I've posted a frame-by-frame analysis of Tigers swing faults, including the changes in his swing under Hank Haney, at

http://www.theefficientgolfer.com/tiger-woods-analysis.html

Robert Prichard


----------



## 300Yards (Jan 23, 2007)

Yeah, but is there such thing as a faulty swing? No doubt Tiger is wasting soome power in his swing...but who doesn't? I try to maximize my power by using my feet, knees, hips and shoulders...as long as it works, is it really faulty??


----------



## JPsuff (Jan 9, 2007)

.


Well, as long as the club is square at impact, the ball is struck flush and the club is accelerating, it really doesn't matter what happens before or after, does it?

Certainly, one of the oddest swings in golf is/was Lee Trevino's. It's been referred to as the "Anti-hook assembly" and is certainly something that should not be taught to anyone, yet it worked for him.

Besides, when one wins 12 Majors and amasses over $600 million in career earnings and endorsements, I don't know that I would be looking to find fault.



-JP


----------



## Police (Oct 26, 2006)

Wooo step by step frames of the worlds number 1... and wow what a chnage he has made certainly he looks a lot more flat at the top of the backswing now than he used to...


----------



## JPsuff (Jan 9, 2007)

.


Ok, I'll play.


In my opinion, a flatter swing is more reliable and more conducive to an inside-out swingpath.
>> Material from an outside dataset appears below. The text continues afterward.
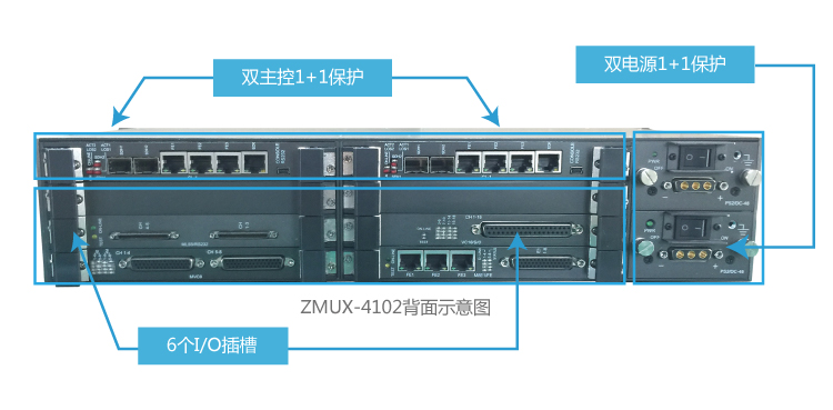ZMUX-4102設備可選全系統冗余,包括雙電源冗余,雙主控板冗余和多鏈路傳輸保護,高安全可靠性。
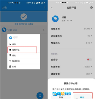 7、长按钉钉图标,强制停止。

A flatter swing is also a result of age or bulk wherein establishing a vertical left arm, (a staple of the upright swing), gets harder to do as one ages, gains weight, or builds muscle mass as so many pro's are doing these days.
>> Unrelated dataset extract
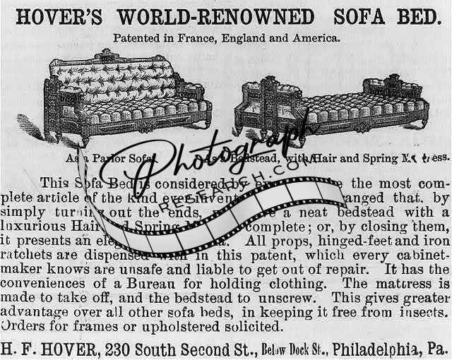Advertisement,Hover's world-renowned sofa bed,parlor sofa,1881,bedstead

A flatter swing uses the large muscles of the body and as long as one can turn their back to the target, it really doesn't matter where the arms are because they play even less of a role in creating power. With an upright swing, the vertical left arm produces extension and a greater swing arc because the larger muscles are used to a lesser extent and the overall arc of a swing must be larger.

I think a flatter swing is much more repeatable and much more natural. Few players, (Nicklaus and Miller come to mind), have actually benefitted from a very upright swing.

Most of the best ballstrikers have a flatter swing plane because of its natural inside-out path. And because they're using the big muscles of the body, there's no need to "reach for the sky" as they say which, in my opinion, can really screw up an otherwise sound swing.

A flatter swing is less athletic and will last for years while an upright swing requires more maintenance and suppleness.



-JP


----------



## 300Yards (Jan 23, 2007)

Yeah, my swingpane is definently flat.. I use my whole body in my swing.


----------



## CallawayKid4 (Jan 25, 2007)

Thats some good stuff.Thanks for posting!


----------